I have been reading up on Native Americans lately and come across some really good quotes. Here is one that really expresses the connection between hunting and nature.

"When we go hunting, it is not our arrow that kills the moose, however powerful be the bow; it is nature that kills him." Bedagi (Big Thunder) (Algonquin - late 1800's)

Here is another one

"When a man does a piece of work which is admired by all we say that it is wonderful; but when we see the changes of day and night, the sun, the moon, and the stars in the sky, and the changing seasons upon the earth, with their ripening fruits, anyone must realize that it is the work of someone more powerful than man." Chased-by-Bears (1843-1915) Santee-Yanktonai Sioux

So whats your favorite quote? (hunting, life, or whatever it may be)


----------



## patrick grumley (Mar 9, 2007)

Freedom is not the ability to do as we want, but the responsibility to do as we ought.

not sure who coined the phrase, but I find myself using it has a compass.


----------



## USSapper (Sep 26, 2005)

Mine are

"Dont wait around for life to happen to you, find something that makes you happy cause everything else is just background music"

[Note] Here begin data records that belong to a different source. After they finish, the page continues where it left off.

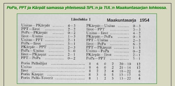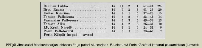 Henkiin herätetty PPT:n kakkosjoukkue Porin Pallo-Pojat (PPP) voitti piirin III-luokan mestaruuden ja pääsi nousukarsintaotteluun noususta 4. divisioonaan Yyterin Pallon kanssa. Yyterin Pallo voitti PPP:n vasta uusintaottelun jatkoajalla.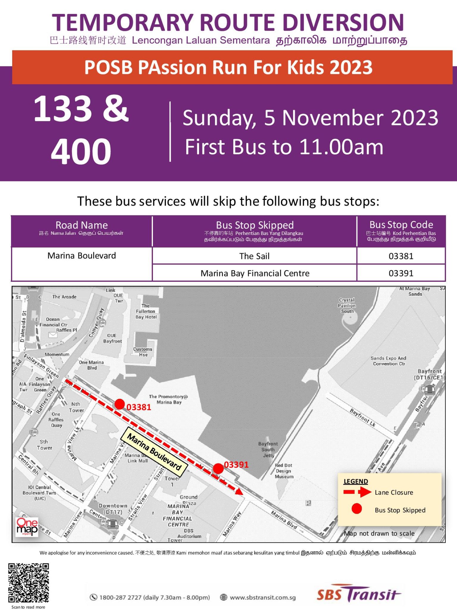 Bus services along Marina Blvd will be skip 2 bus stops on Sunday, 5 November 2023 for the POSB PAssion Run For Kids 2023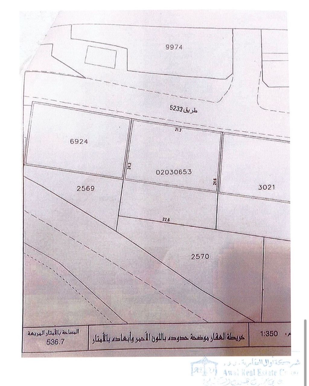 Commercial land for sale in Galali, land area 536 meters, 35 dinars per foot
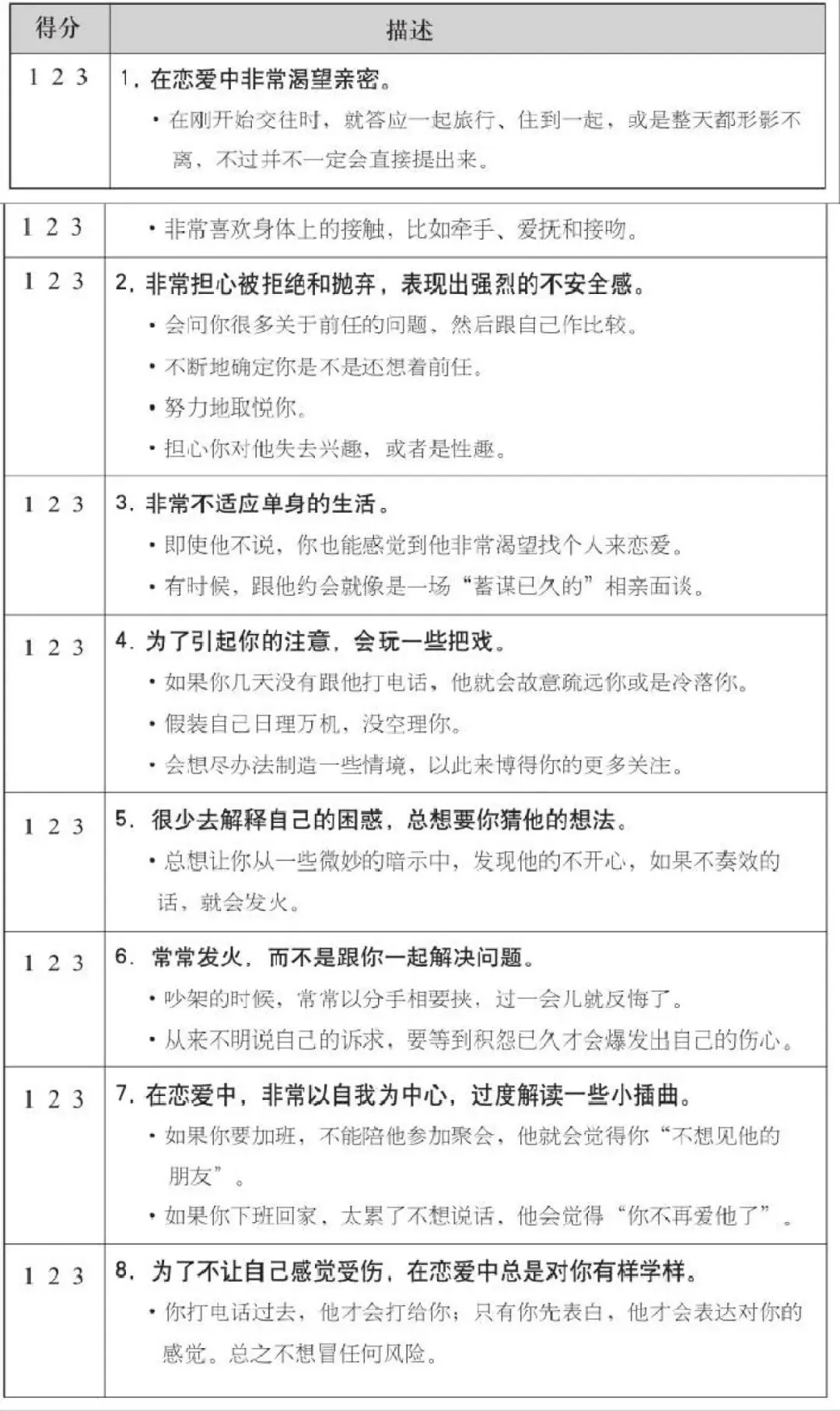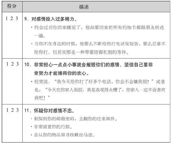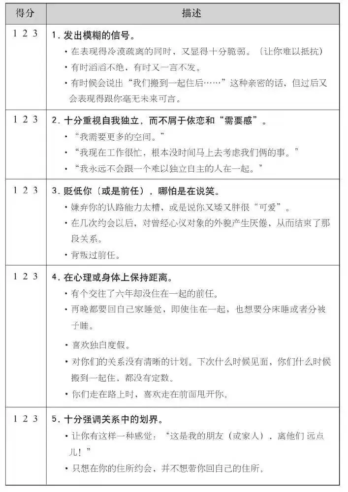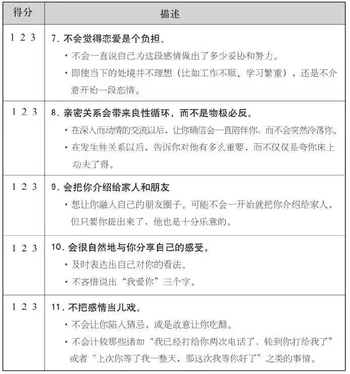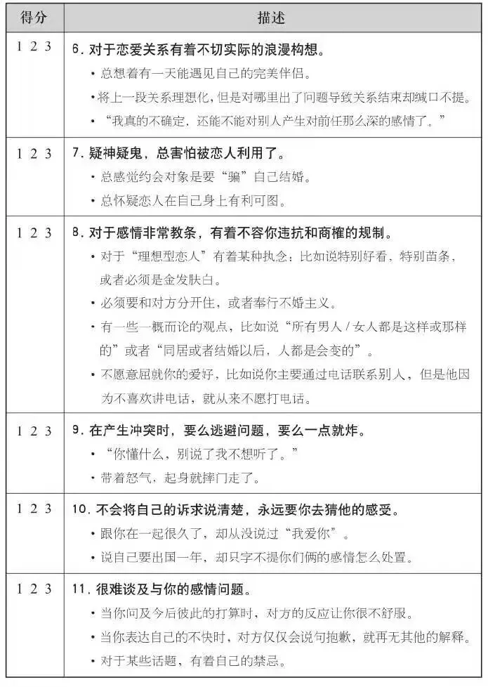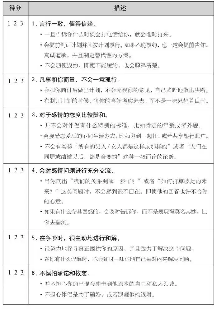 看完每一种特质以后,你要根据日常生活中的交往和对话,来判断伴侣是否符合这种特质。得分越高,就说明对方越符合该种特质,下面是你的记分键: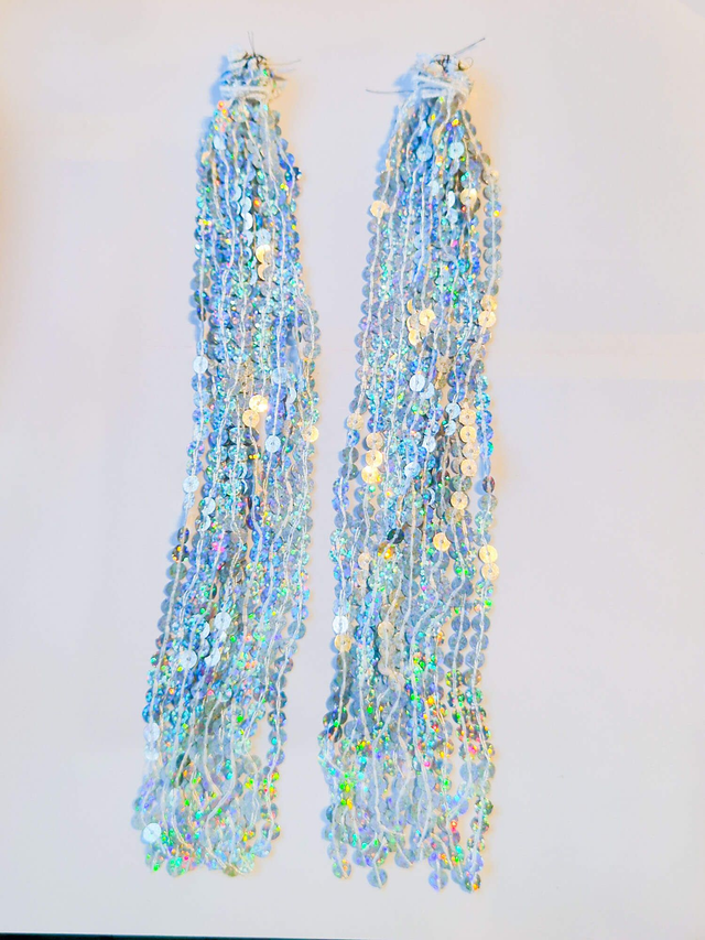 Hopea paljettitupsu ei ole mikään tavallinen tupsu: jokainen paljetti hehkuu sateenkaaren eri sävyissä, hologrammihipsut liikkuvat ja säihkyvät kevyesti. Yhdistä tämä tupsu valitsemaasi helmihattuun (Pitsi, Aalto, Raita tai Inka) ja luo oma uniikki statement-parisi. Korvakoukut kirurgin terästä, helmihatut hopeanväristä korumetallia.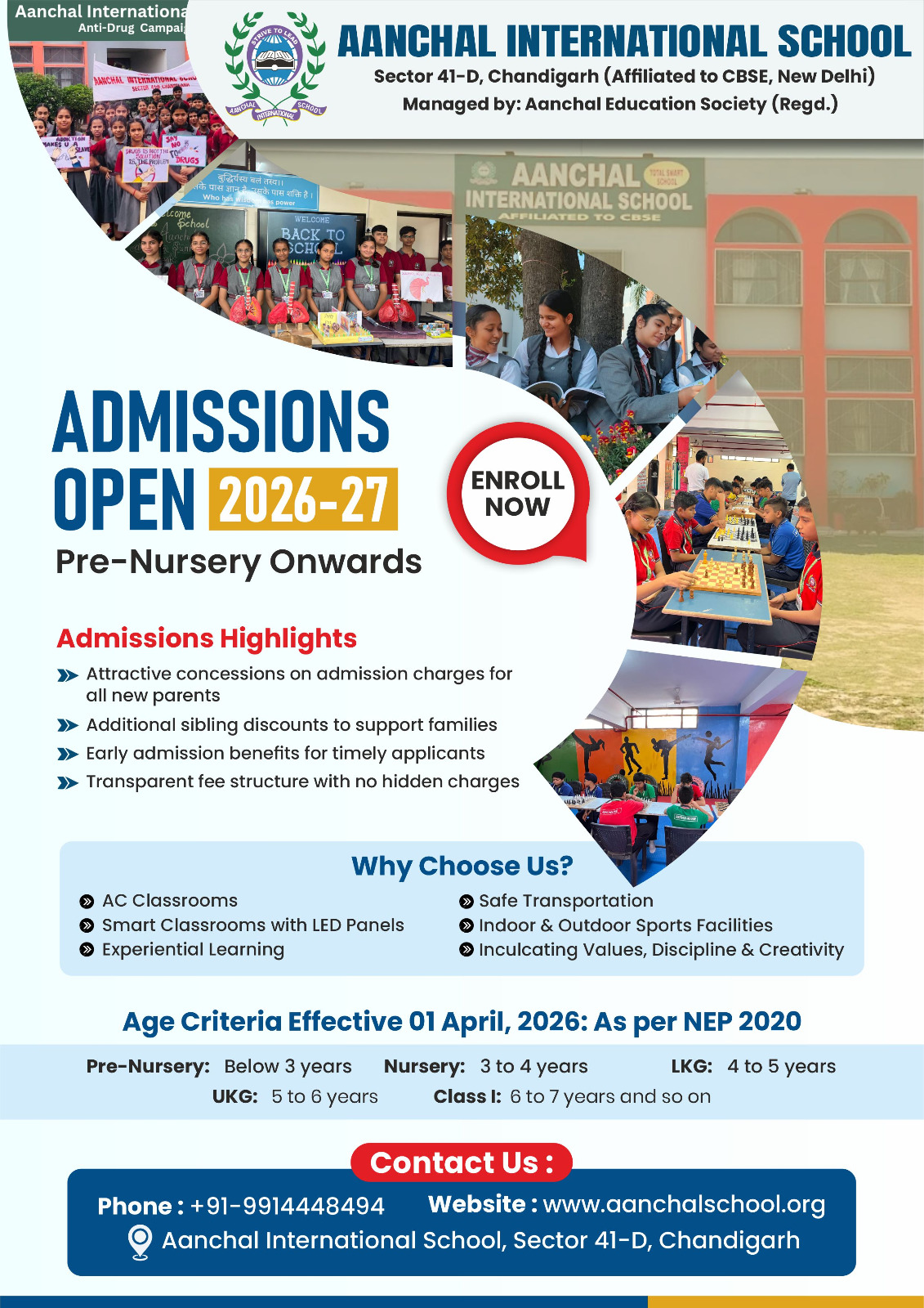 Aanchal International School, located in Chandigarh Sector 41-D, stands out with its spacious and modern building, offering a grand welcome to all. The school is surrounded by vibrant, lush green gardens, filled with flowers of various colors that spread their fragrance across the campus. Quality education is the cornerstone of Aanchal International. The focus is on excellence, with the mission of guiding students to recognize the social challenges around them. The school fosters a stimulating environment, encouraging creative thinking and growth through life-centered, engaging teaching methods.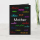 La carte "A Mother's Day" est une carte de voeux unique et adorable pour la fête des mères ! Le devant de la carte a le mot Mère écrit dans une variété de langues différentes affiché contre un arrière - plan noir moderne. La typographie élégante se poursuit avec le sens anglais du mot Mère placé à l'intérieur de la carte, ainsi qu'un beau message d'amour. Personnalisez facilement en changeant l'image, les polices ou les mots, pour créer votre propre message spécial pour Maman!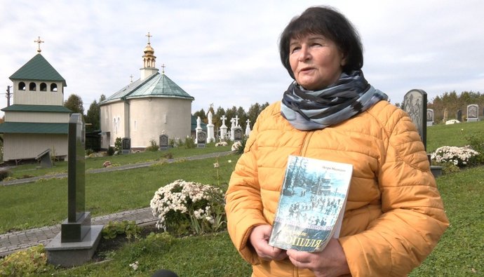 Ольга Шемчук веде до місцевого храму і розповідає, що з книжок Петра Медведика школярі дізнаються про історію і традиції рідного краю.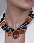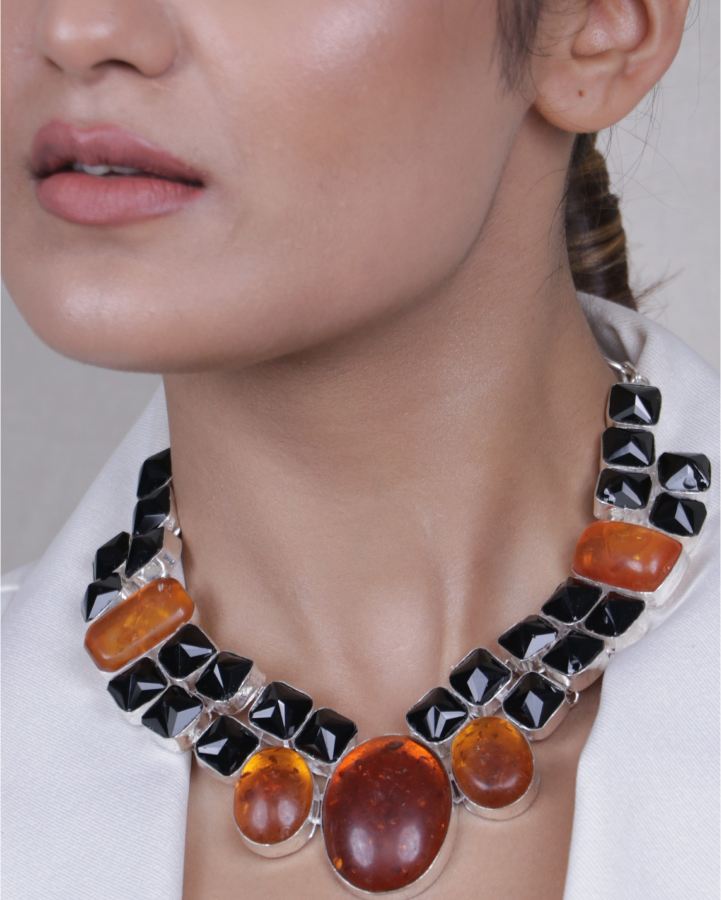 This is Bold Black and Amber Necklace Beautifully Blended into a Masterpiece for Perfect Bold Look. The Necklace has a Jade Stones with Black Square and Amber Oval Pendant made of Metallic Silver Casing. It has an Adjustable Hook with Silver Chain Finish.

And of course the one below


----------



## bandman (Feb 13, 2006)

Get er' f-in done!


----------



## Woogie_man (Nov 18, 2006)

gotta love....
If things seem to be going to well.... it must be an ambush.
Once you pull the pin... Mr.Grenade isn't your friend.
If all else fails call in an air strike..


----------



## neb_bo (Feb 3, 2007)

" life can only be lived forward, and understood in reverse"

god i hope thats true.


----------



## pheasantfanatic (Jan 20, 2007)

"Close only counts in Horseshoes and Hand Grenades"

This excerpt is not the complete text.